Faster 3-D array access?

Bruce_Weaver
Beginner
4,174 Views

Hi,

I've got a very large 3-D array I access randomly so that I am memory-bound 32% of the time.  A quick attempt to move the the data into several very large 2-D arrays didn't seem to help significantly.  I'm starting to wonder about some version of equivalence statements into thousands of vectors or some such.  There is no obvious (static) pattern of data access that would suggest a way to rearrange the indices.  Any thoughts?

thanks,

Bruce

0 Kudos
36 Replies
Brooks_Van_Horn
New Contributor I
1,372 Views

This problem's solution is very specific to what you are trying to do. Is the matrix symmetric? Sparsely populated? Is it a variance-covariance matrix? Is it a filter and if so what kind?

You are asking for a solution without stating the real issues. Please be more specific. Like why do you even need a matrix. Is the problem partitionable? Without loss of generality, what drove you to 3D?

Best of luck,

Brooks

0 Kudos
Bruce_Weaver
Beginner
1,372 Views

It is an array of physical data, not a matrix.

"The array contains pre-calculated parameters required in an astrophysics computation."  The 3-D-ness of the array are the coordinates of the data: species name, height in the atmosphere, precomputed parameter type.

The stated real issue is: "I've got a very large 3-D array I access randomly so that I am memory-bound 32% of the time."  The replies by Jim  & John, although not a solution, are very much to the point.

 

0 Kudos
jimdempseyatthecove
Honored Contributor III
1,373 Views

>>The 3-D-ness of the array are the coordinates of the data: species name, height in the atmosphere, precomputed parameter type.

Is the transition of values from point to point smooth?

If so, you may be able to increase the spatial separation and interpolate the in between values.
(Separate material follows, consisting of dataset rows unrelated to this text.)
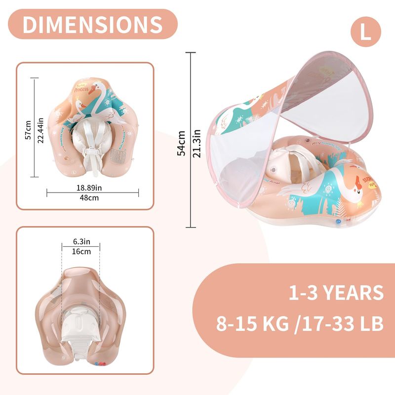 ??Actualización?El flotador de natación para bebé está diseñado para ayudar a los bebés a aprender a patear y nadar en una posición horizontal en lugar de vertical, el toldo extraíble tiene lados de malla y ofrece protección solar UPF 50+.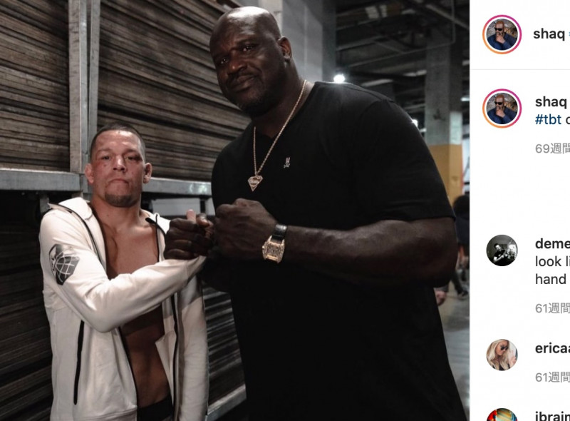 格闘技好きで有名な元NBAビッグスターのシャキール・オニール(右)。親交のあるUFC戦士ディアスとツーショット(オニールの公式SNSより)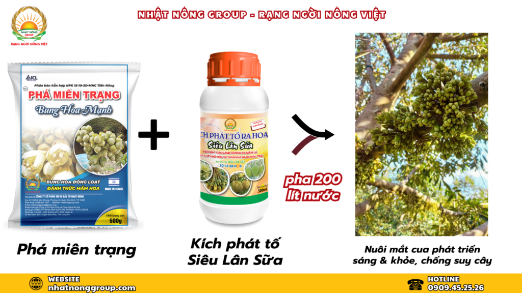 Bà con cần kết hợp kỹ thuật tạo khô hạn (xiết nước, phủ bạt) và bón phân giàu Lân (P) và Kali (K) (NPK 10-60-10, 0-60-20, MKP, Lân 86), có thể dùng lân nước như Siêu Lân đỏ, Lân Uni, đồng thời phun bổ sung dưỡng chất và vi lượng vào giai đoạn thích hợp để kích thích mầm hoa, kéo đọt và nuôi hoa/trái sau này, đảm bảo cây ra hoa đồng loạt và đậu quả tốt.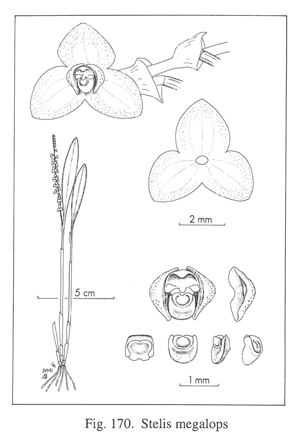 Stelis megalops Luer & Hirtz 2004 SECTION StelisDrawing by © Carl Luer and The Swiss Orchid Foundation at the Jany Renz Herbaria Website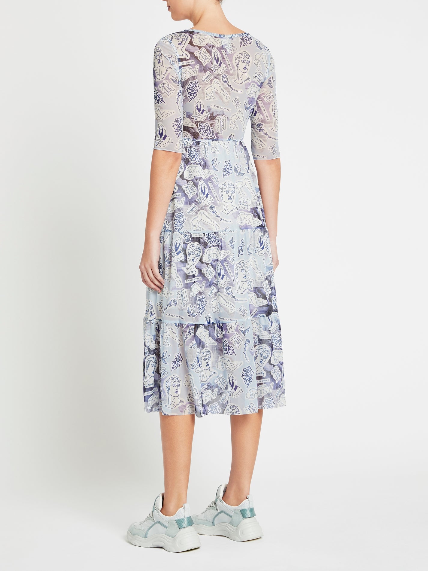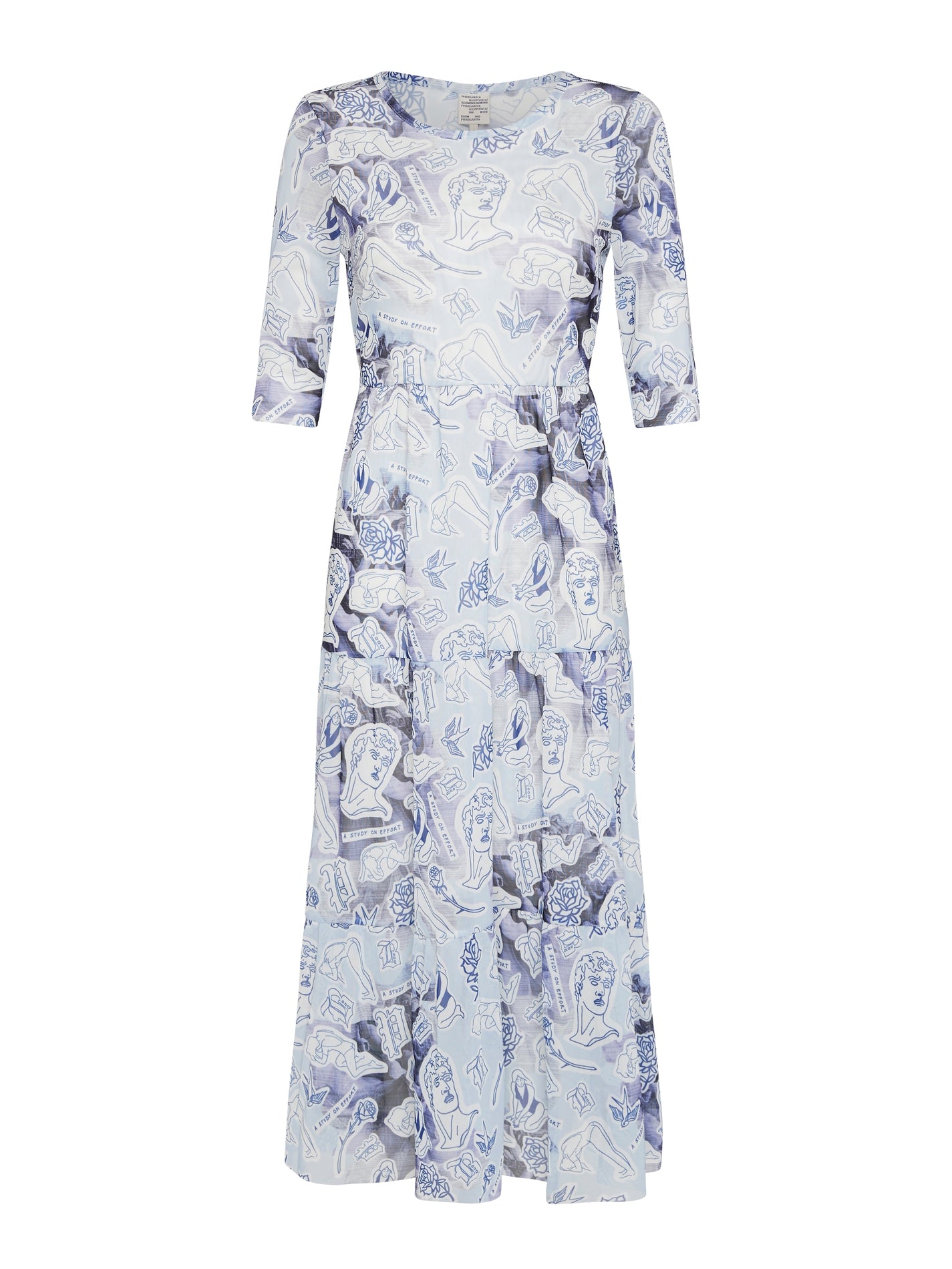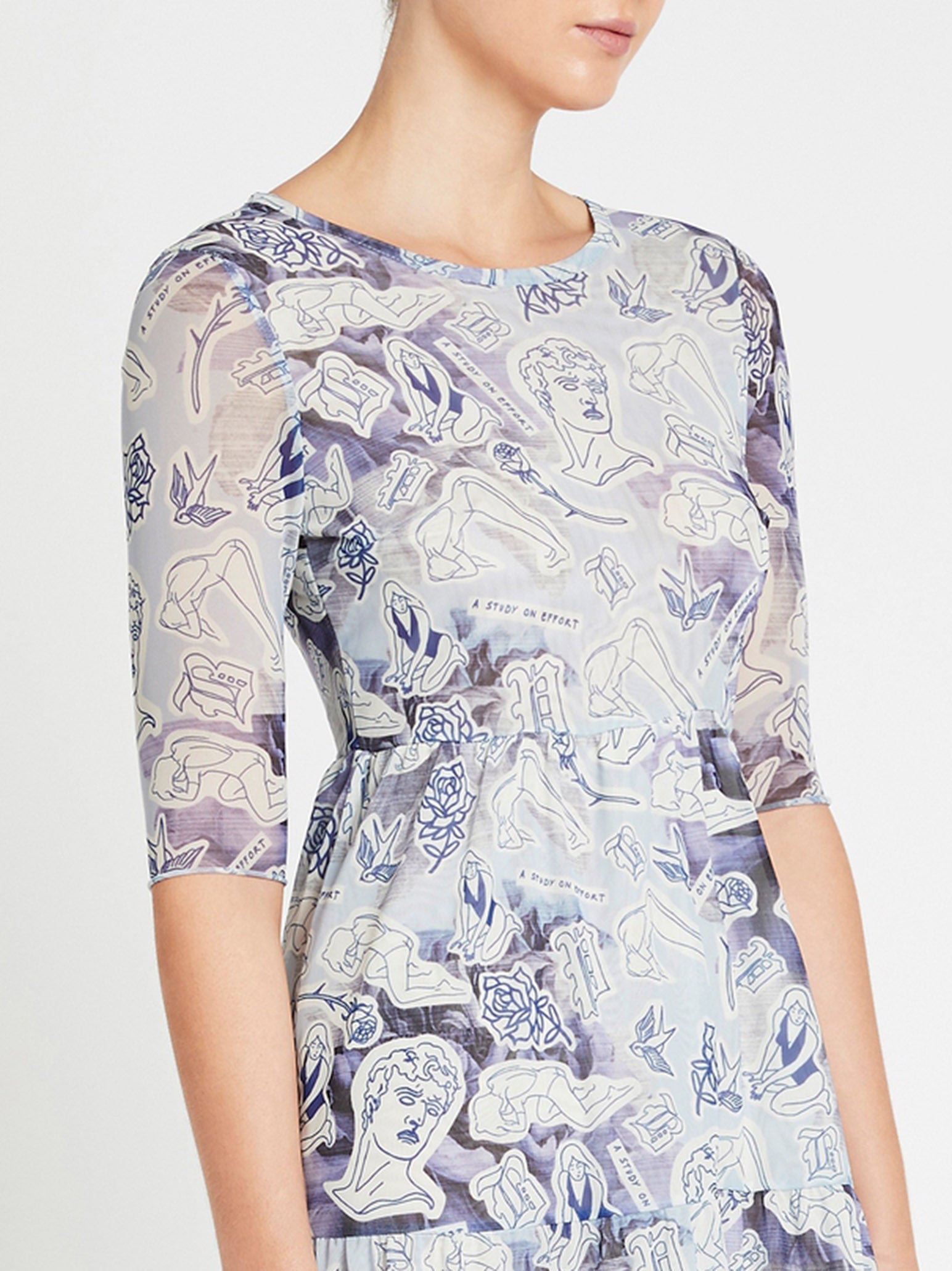 Keep it le femme but amp up the artistic glam in the Jones Dress in Lilac Rose Tattoo by Baum Und Pferdgarten. Constructed from recycled polyester, this sustainable mesh midi dress features a round neckline, 3/4 sleeves and a fitted waistline with finishes of a playful tattoo inspired print and a flared skirt. Team with your favourite sneakers and layer with a leather jacket for a look that will take you from day to night.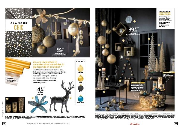 goud glitter, 26,5 cm, ref. 83792, 9,99€ - 7. Hert, mat zwart, naar keuze, 31 x 14 x 48 cm, ref. 83903, 19,99€ - 8. Metalen kegel, champagne, H 120 cm, ref. 83831,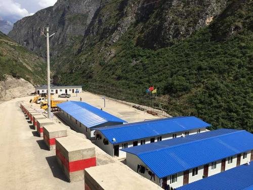水洛河潺潺的流水,斜陽(yáng)映襯著青翠的山巒。在這美麗的山水圖畫(huà)間,天藍(lán)色的板房錯(cuò)落有致,嫩芽初上的花臺(tái)上隨風(fēng)飄揚(yáng)的徽旗略顯莊嚴(yán),白灰色的籃球場(chǎng)上時(shí)而傳來(lái)陣陣喝彩……博瓦水電站首部樞紐工程項(xiàng)目經(jīng)理部臨建設(shè)施已建成投用。

A factor of 2 in all three directions yields 8x reduction in array size.

Also, in astrophysics problems, data points tend to be sparsely located in clusters. Is it possible to partition your one very larger array into several/many smaller 3D arrays (spatially) with each having a different sample point density (distance between sample points varies amongst sub arrays). Note, in the atmosphere, air density varies with altitude, therefore, your sample point density may be able to vary by altitude.

Third suggestion, with a proper use of barycenters, you might be able to use REAL(4)'s where you currently use REAL(8)'s and maintain as good or better results. (Hard to say with code unseen)

Jim Dempsey

0 Kudos
Bruce_Weaver
Beginner
1,373 Views

Jim:

"You can also reduce the number of page table entries (and thus cache requirements for page table) by (if permissible) selecting larger page sizes."

How do I do that?

Could be useful if I could convince the system to keep the small array (~1 Meg) in the L3 cache.

 

0 Kudos
Bruce_Weaver
Beginner
1,373 Views

Jim:

"If so, you may be able to increase the spatial separation and interpolate the in between values. A factor of 2 in all three directions yields 8x reduction in array size."
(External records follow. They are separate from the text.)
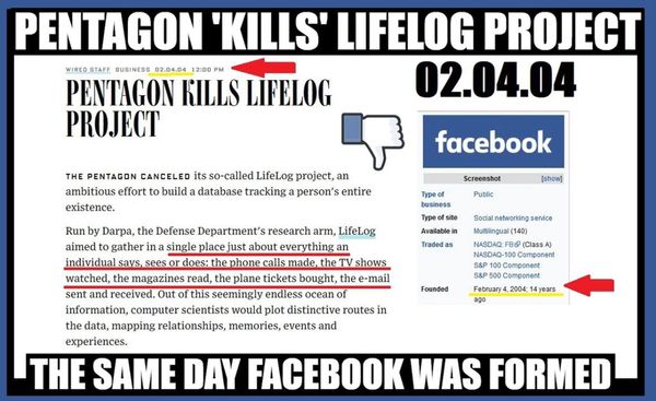 It is interesting to note that Lifelog, a project of the Defense Advanced Research Projects Agency (DARPA), was cancelled on the same day of February 4th of 2004 that Facebook was founded.
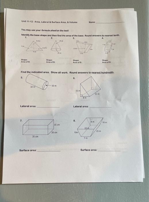 Unit 11 Volume And Surface Area Test Answers - Unit 11 Volume Surface Area Homework 2 Area Of Sectors : The total surface area of a cylinder is 220 sq cm with height 6.5 cm.. This is the aptitude questions & answers section on & volume and surface area& with explanation for various interview, competitive examination and entrance test. The area of a rhombus with side 50 dm and one of the diagonals 80 dm is view all answers. Calculate the surface area of the triangular prism. Math pre test answer key and review guide. Complete the test and get an award.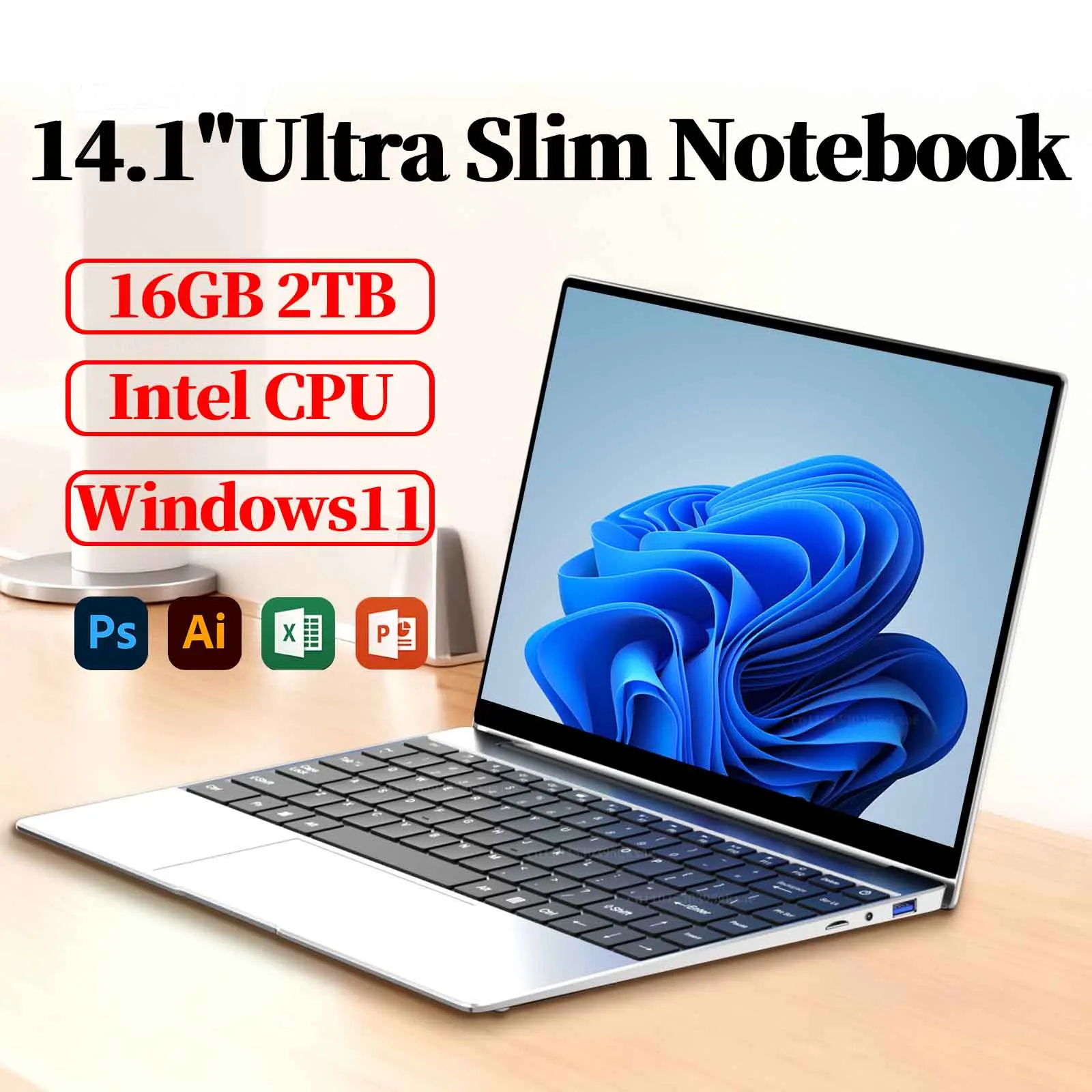 Nový 14.1" uitra štíhlý notebook windows11 16gb beran 2TB SSD intel N3700 notebook hráč 1920*1080 displej úřad studovat počítač PC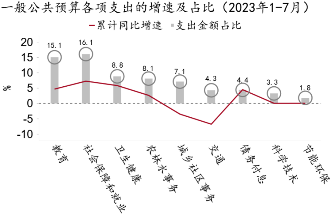 从支出结构看,7月基建类支出降幅收窄,民生类支出总体稳定。基建类支出整体增速反弹4.8pct至-2.6%,支出占比为20.6%,较前值大幅下降5.4pct。7月基建投资增速大幅下降,或与预算内支出支持减弱有关。基建各领域支出表现分化,节能环保支出大幅回升16.2pct至16.0%,交通运输和城乡社区事务支出降幅收窄,但农林水事务增速由正转负。民生类支出如教育和社保就业,增速分别回升4.2pct和3.0pct至2.6%和2.5%;卫生健康和科学技术支出增速则有不同程度下降。

Does making it smaller make it faster?  When I broke the array into five 2-D arrays, it didn't seem to improve the speed.  It'll never get small enough to fit into cache until I get a machine with near memory (although I don't understand how Knights Landing is going to make the near memory act like cache as large caches get slow as the system tries to go figure out where to find the data you're asking for).  Only the spacial dimension might be reduced, the other two are data type and transition case.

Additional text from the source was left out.